Homatropine methylbromide belongs to the group of medicines called anti-muscarinics. Homatropine is used to treat duodenal or stomach ulcers or intestine problems. It can be used together with antacids or other medicine in the treatment of peptic ulcer. It may also be used to prevent nausea, vomiting, and motion sickness.
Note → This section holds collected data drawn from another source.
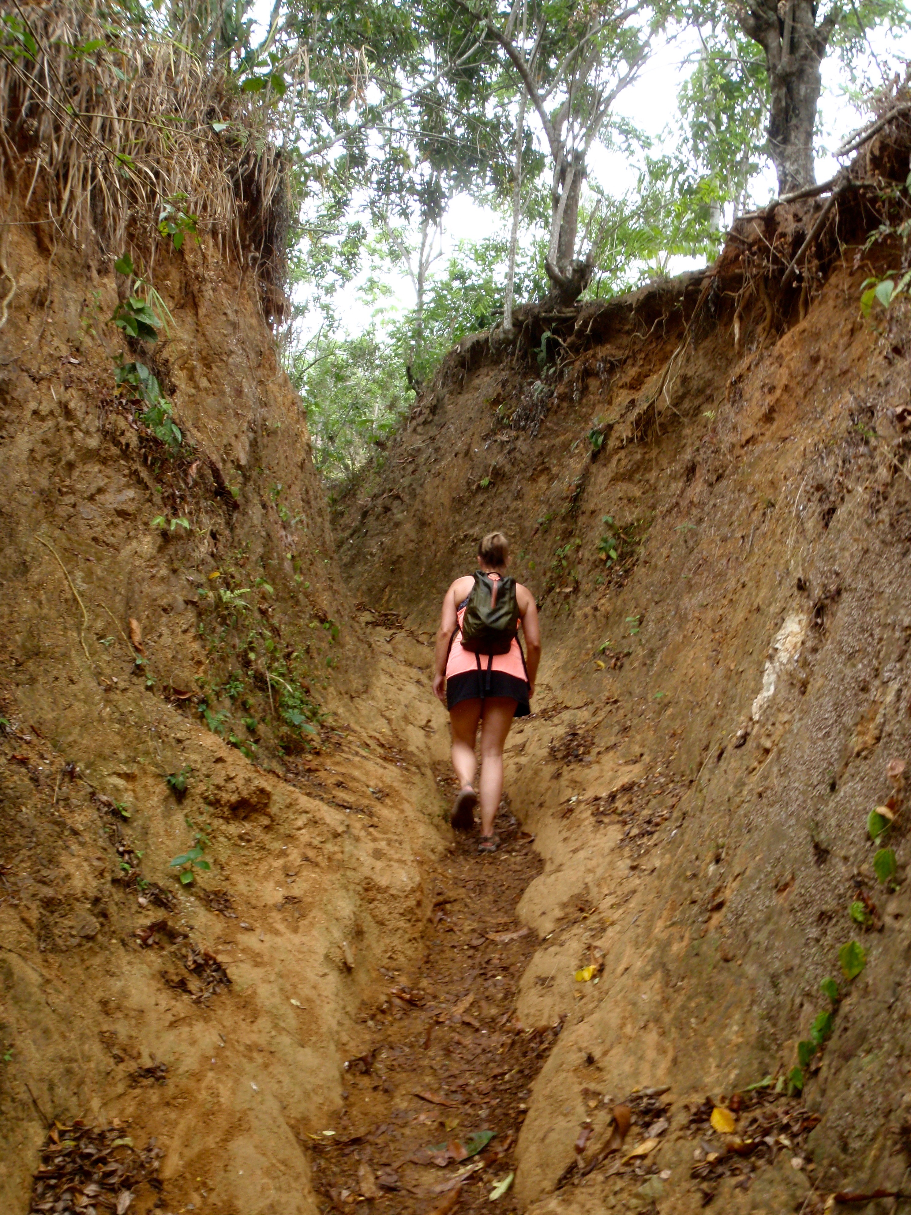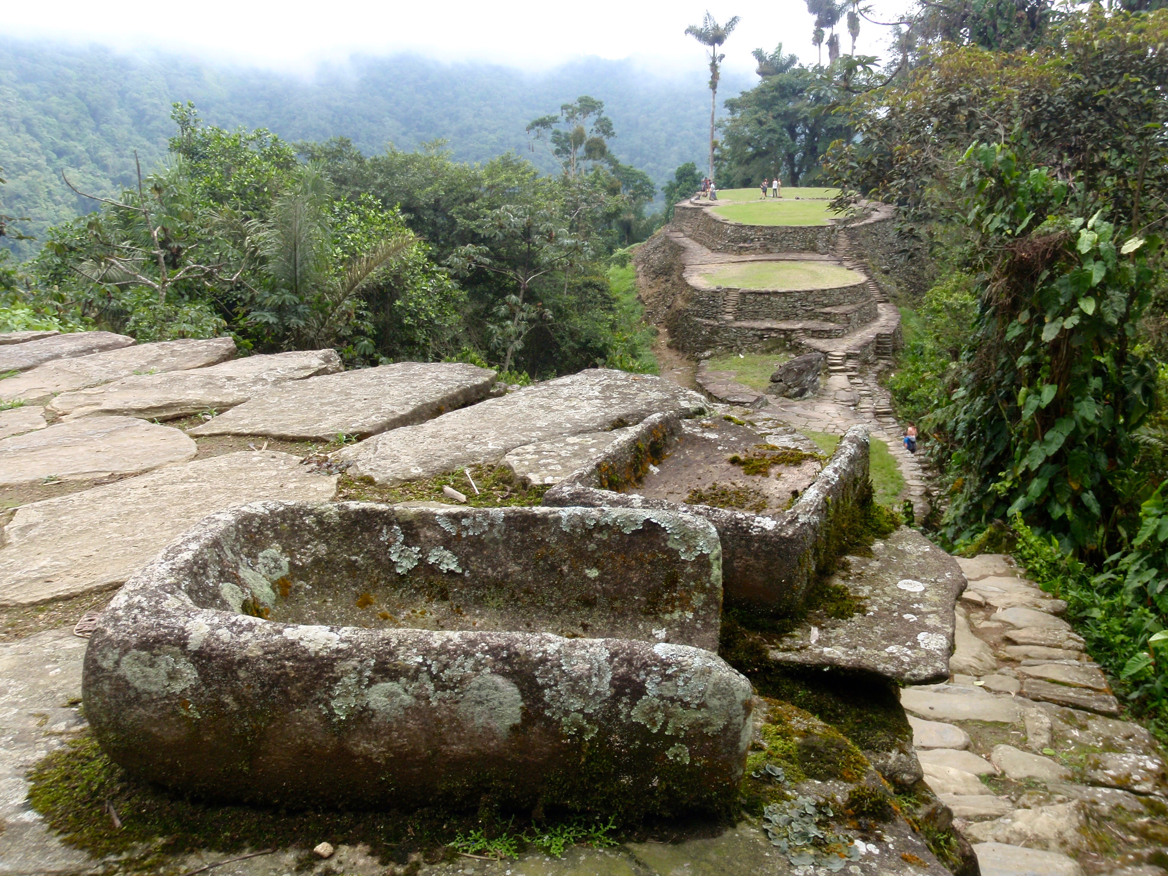 After scuba diving was complete we were off to La Ciudad Perdida (The Lost City) on a 4-day trek for $1,400,000 COP. This was very pricy but claiming to be the next Machu Picchu so we couldn’t miss it. Headed to the office in Santa Marta to pick up a few others (Jasmine, David, and Karen), and drove a couple hours to a big house for lunch of chicken with many people. Met with the Non-English guide then headed out on the hike. It was super hot and sweaty then turned into pouring rain. This occurred every day of our hike; what to expect in the jungle I guess. We went up and down and up and down through the hills that were super muddy and everyone was slipping and falling. Got to the first camp, 7 km hike in, still pouring rain. Changed our clothes, had a nice dinner and then crawled into our open air bunks with mosquito nets. Odd seeing how the locals were all huddled together watching TV way out in this remote area, while we were trying to get away from it all. Early wake up on day two and on the trail by 6:30 am, super hot and sweaty already. Stopped for lunch and had a swim in the river then off to the next camp; 15 km this day. This was where we met “Max” the black dog who stayed with us for the next two days, like an escort. Day three was the Lost City. We started off with a short hike over the river then started up the 1200 stone steps to gain about 200 meters in elevation. Zillions of mosquitos and Shannon forgot the bug spray so no one could stand still. We reached the Lost City and to our surprise there was Military all over it with guns standing guard. There had been reports of grave robbers in the past as the original residents were buried with gold in their graves. We spent about an hour or two up there admiring the stone work and level housing platforms. All the original houses had been destroyed over the years but your imagination could sure run wild in this place. You could just sit in one spot and imagine what it would have been like when this place was bustling. We headed back to camp, grabbed our stuff and hiked all the way to the first camp. As always, a refreshing and rewarding swim in the local watering hole with some cliff jumping as well. One of the local little girls admired Shannon’s sarong a bit more than she should have and it ended up being returned the following day in the next locals village. We also had the privilege of listening to a local man speak of Tayrona culture with the assistance of a translator. Such a great experience and I am so pleased to take it in before the mass of tourism floods the area.
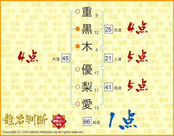 重(9画)黒(12画)木(4画) 優(17画)梨(11画)愛(13画)
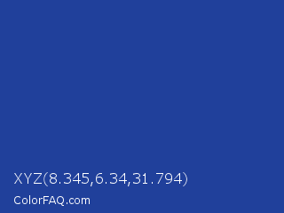 XYZ 8.345,6.34,31.794 Color is a normal blue color and the nearest color is Egyptian Blue #1034a6. Hex code #20409b and RGB value is rgb(32,64,155). In RGB color space, this color is composed of 13% red, 25% green, 61% blue, In CMYK color space, this color is composed of 79% cyan, 59% magenta, 0% yellow , 39% black , In HSL color space, this color has a hue angle of 224° , 66% saturation and 37% lightness.
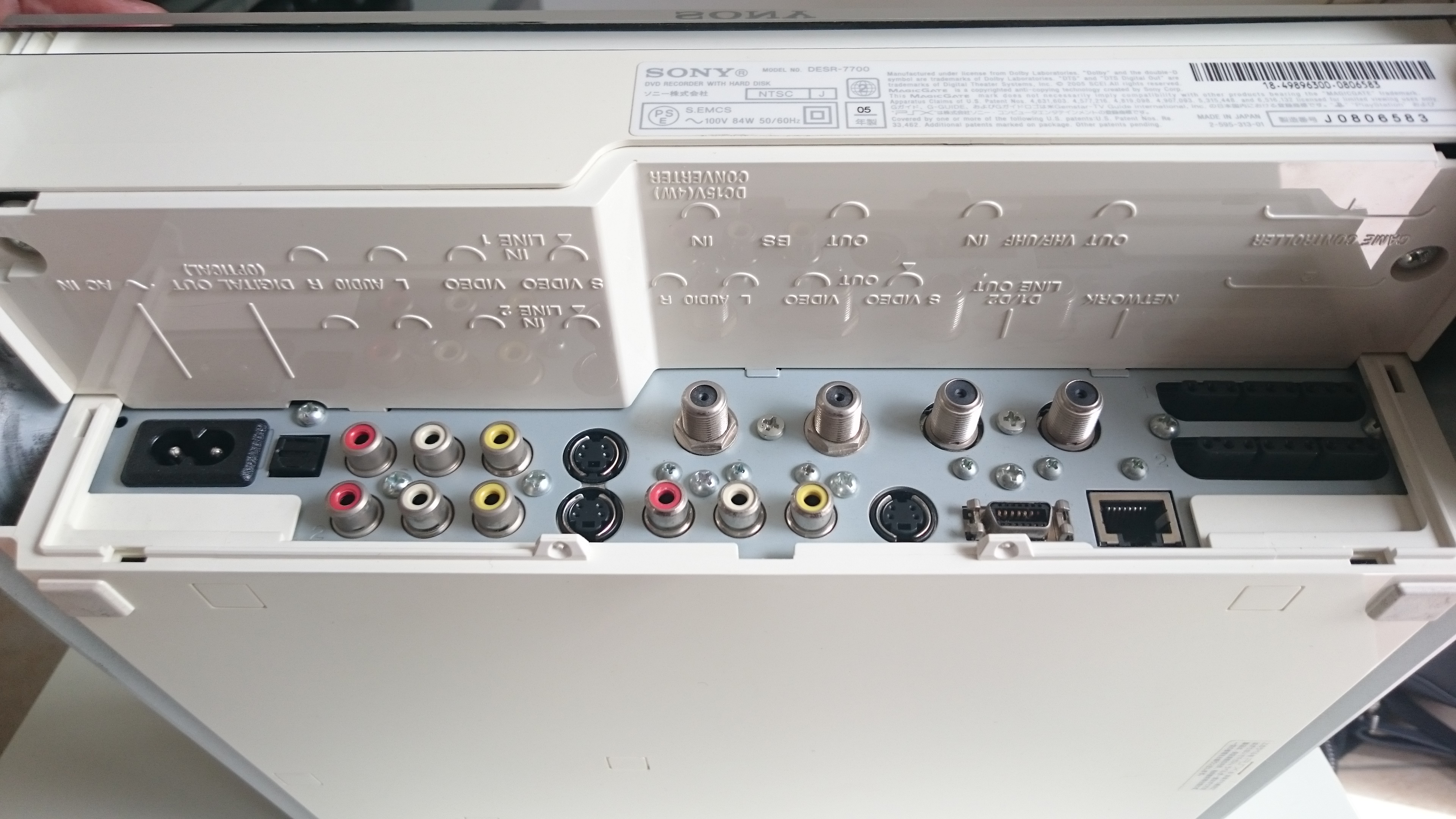 À l’arrière les ports varient en fonction du modèle et de la série mais globalement on a : une entrée RF, deux entrées composite, deux entrées S-Vidéo, une sortie composite et une sortie S-Vidéo, une entrée et sortie VHF/UHF pour la télévision par câble. Il faut aussi noter l’existence d’un port D1/D2. (d’anciens formats numériques professionnels pour magnétoscope).

A - Alimentary tract and metabolism
A03 - Drugs for functional gastrointestinal disorders
A03B - Belladonna and derivatives, plain
A03BB - Belladonna alkaloids, semisynthetic, quaternary ammonium compounds
A03BB06 - Homatropine methylbromide
Homatropine is a quaternary ammonium muscarinic acetylcholine receptor antagonist. The muscarinic acetylcholine receptor mediates various cellular responses, including inhibition of adenylate cyclase, breakdown of phosphoinositides and modulation of potassium channels through the action of G proteins. Homatropine methylbromide inhibits the muscarinic actions of acetylcholine on structures innervated by postganglionic cholinergic nerves as well as on smooth muscles that respond to acetylcholine but lack cholinergic innervation. These postganglionic receptor sites are present in the autonomic effector cells of the smooth muscle, cardiac muscle, sinoatrial and atrioventricular nodes, and exocrine glands. Depending on the dose, anticholinergics may reduce the motility and secretory activity of the gastrointestinal system, and the tone of the ureter and urinary bladder and may have a slight relaxant action on the bile ducts and gallbladder.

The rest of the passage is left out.